YOUR TASK
Only the lines from the beginning of the entries through the one that holds "Если на стенах" may appear in the answer, written out exactly and free of pictures.

DATA UNDER STUDY
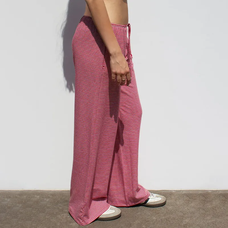 The wide-leg design is not only comfortable but also flattering, giving your outfit a chic, effortless flow. The striped print brings a bold and trendy statement to your wardrobe, adding a touch of nostalgia with its Y2K-inspired aesthetic. The lace-up front adds a playful yet practical detail, allowing you to adjust the waist for a personalized, snug fit. These trousers feature a straight-leg cut that complements all body types, making them a go-to choice for various occasions—from casual outings to stylish homewear.
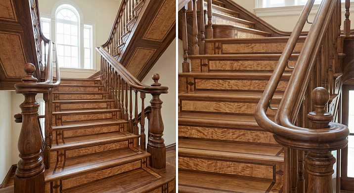 Если на стенах используется резная раскладка (например, с растительным орнаментом), можно заказать резные балясины с тем же орнаментом. Повторяющиеся мотивы (листья аканта, виноградные лозы, геометрические меандры) связывают пространство, создают ощущение продуманного дизайна.
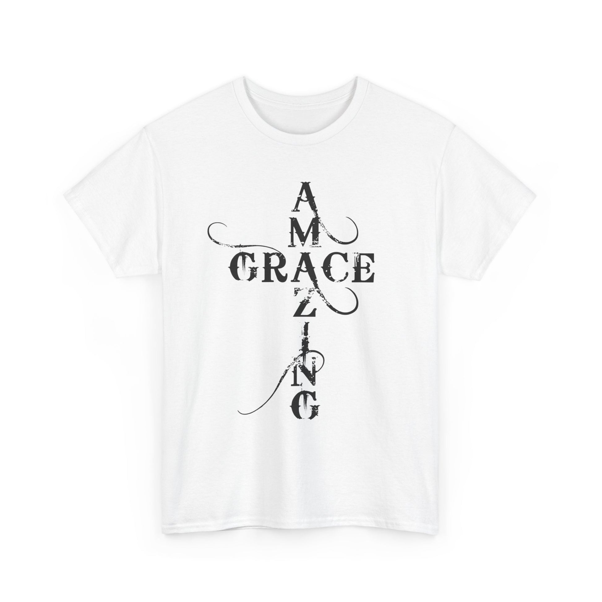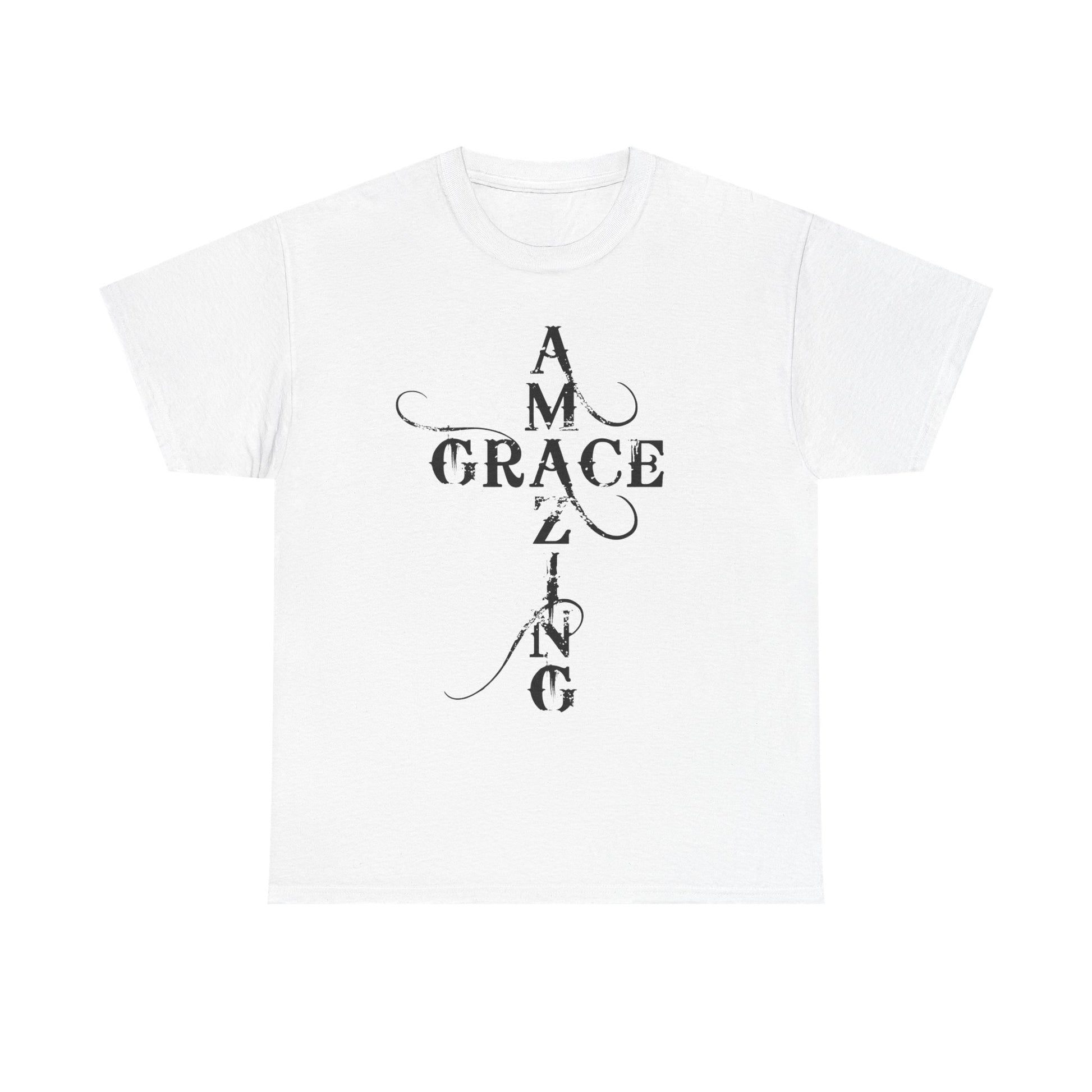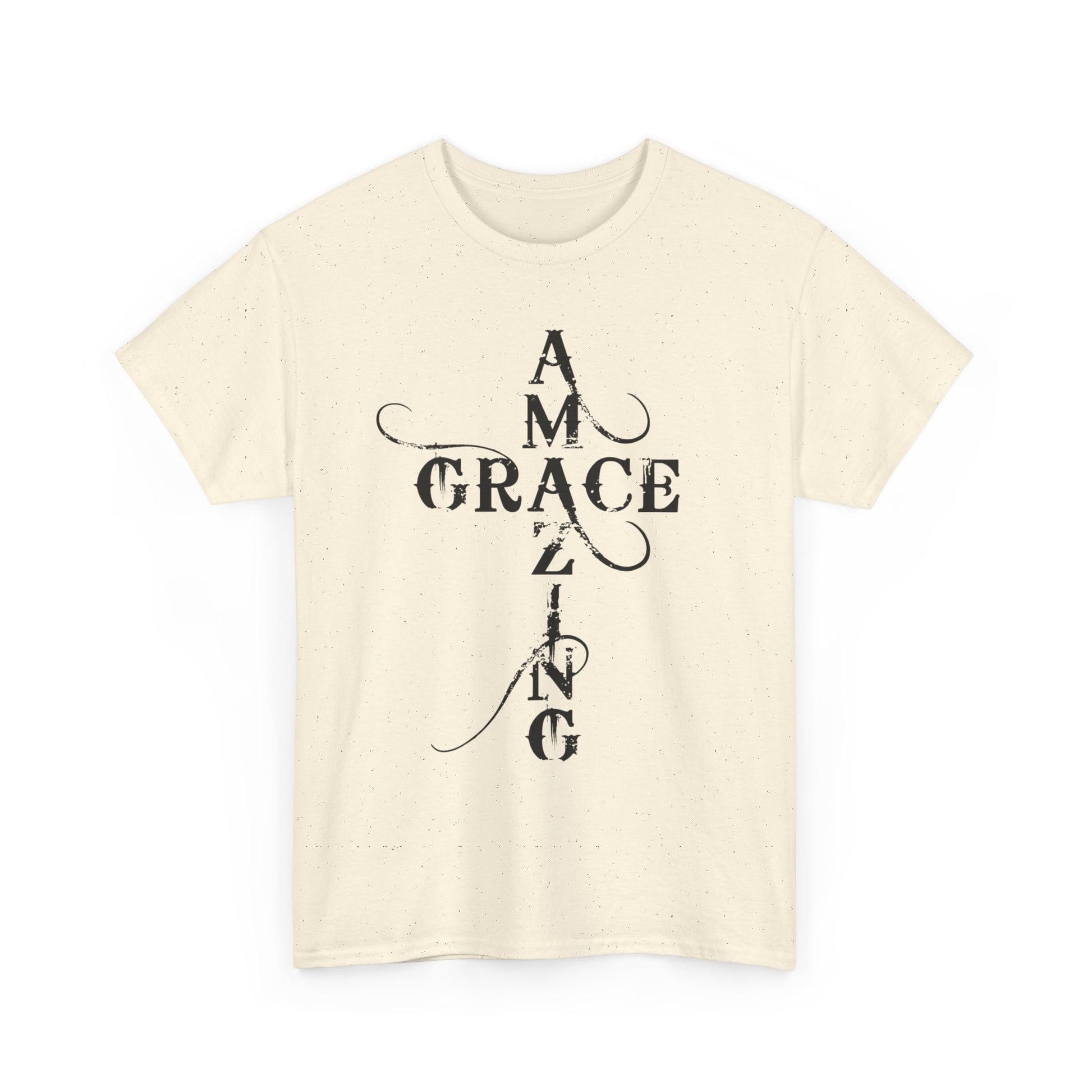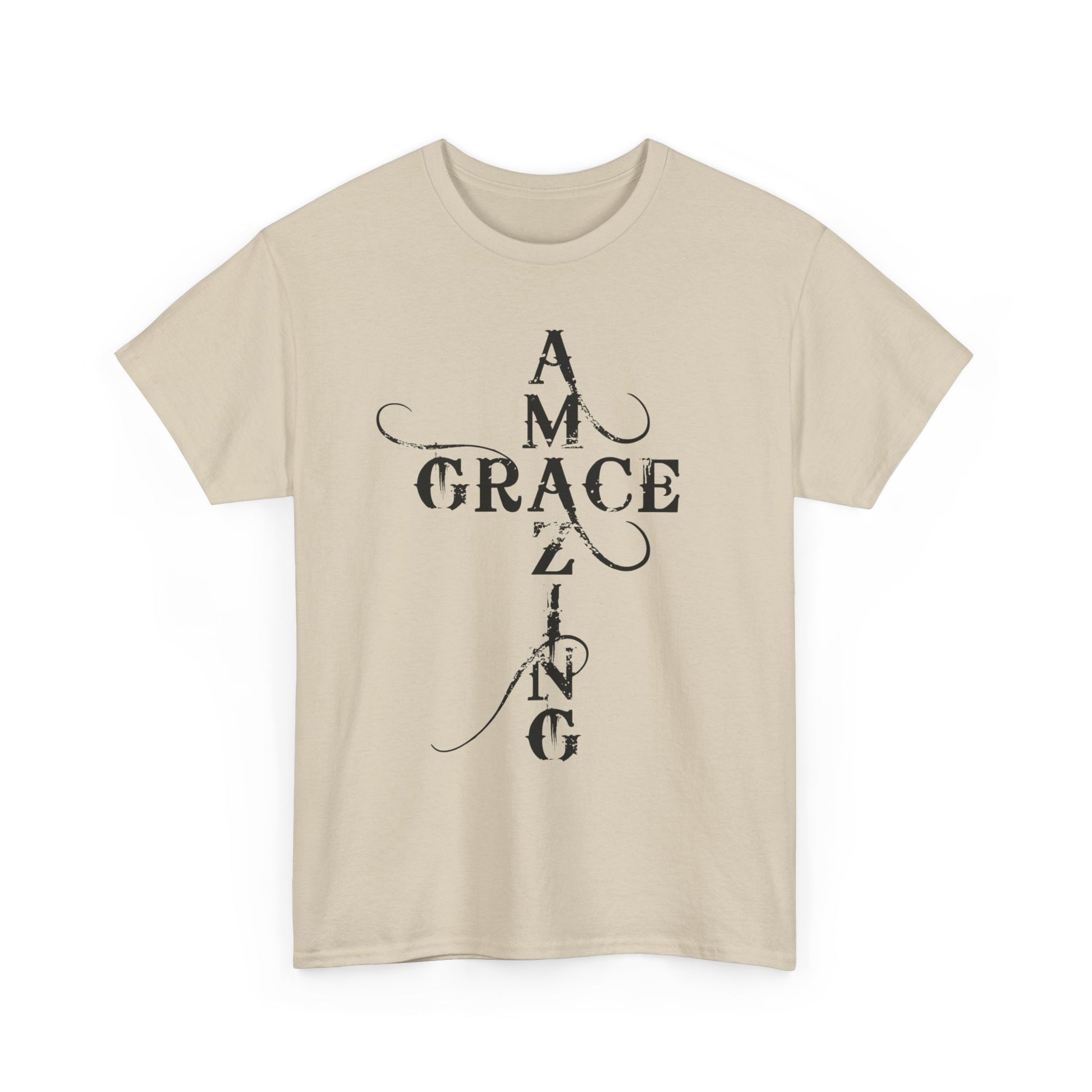 A soft, classic cotton tee printed with quiet, devotional typography that reads like a prayer worn on the chest and back. The front panel stacks the words “AMAZING GRACE” into a vertical cross-like layout with delicate swashes; the back mirrors that approach with the phrase “HOW SWEET THE SOUND?” The result is an understated, contemplative shirt that carries spiritual meaning without loud graphics — comfortable enough for daily wear, thoughtful enough for church gatherings or reflective moments. The breathable 100% cotton body and taped shoulders keep the silhouette neat; tear-away label and ribbed collar add scratch-free comfort. Wear it layered under a jacket for fellowship night, or alone while sitting with a cup of coffee and a hymnbook.
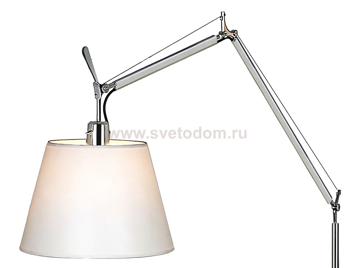металл окрашен в серебряный цвет, абажур из белой ткани, трехступенчатая система сгибания основания Материал плафона
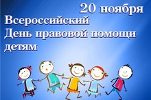 Всероссийский День правовой помощи детям, установленный решением Правительственной комиссии по вопросам реализации Федерального закона от 21.11.2011 № 324-ФЗ «О бесплатной юридической помощи в Российской Федерации», пройдёт 20.11.2019 МКУ «Управления образования» 119 кабинет, г. Набережные Челны пр-т М. Джалиля д.46.

WRITTEN ANSWER
 The wide-leg design is not only comfortable but also flattering, giving your outfit a chic, effortless flow. The striped print brings a bold and trendy statement to your wardrobe, adding a touch of nostalgia with its Y2K-inspired aesthetic. The lace-up front adds a playful yet practical detail, allowing you to adjust the waist for a personalized, snug fit. These trousers feature a straight-leg cut that complements all body types, making them a go-to choice for various occasions—from casual outings to stylish homewear.
 Если на стенах используется резная раскладка (например, с растительным орнаментом), можно заказать резные балясины с тем же орнаментом. Повторяющиеся мотивы (листья аканта, виноградные лозы, геометрические меандры) связывают пространство, создают ощущение продуманного дизайна.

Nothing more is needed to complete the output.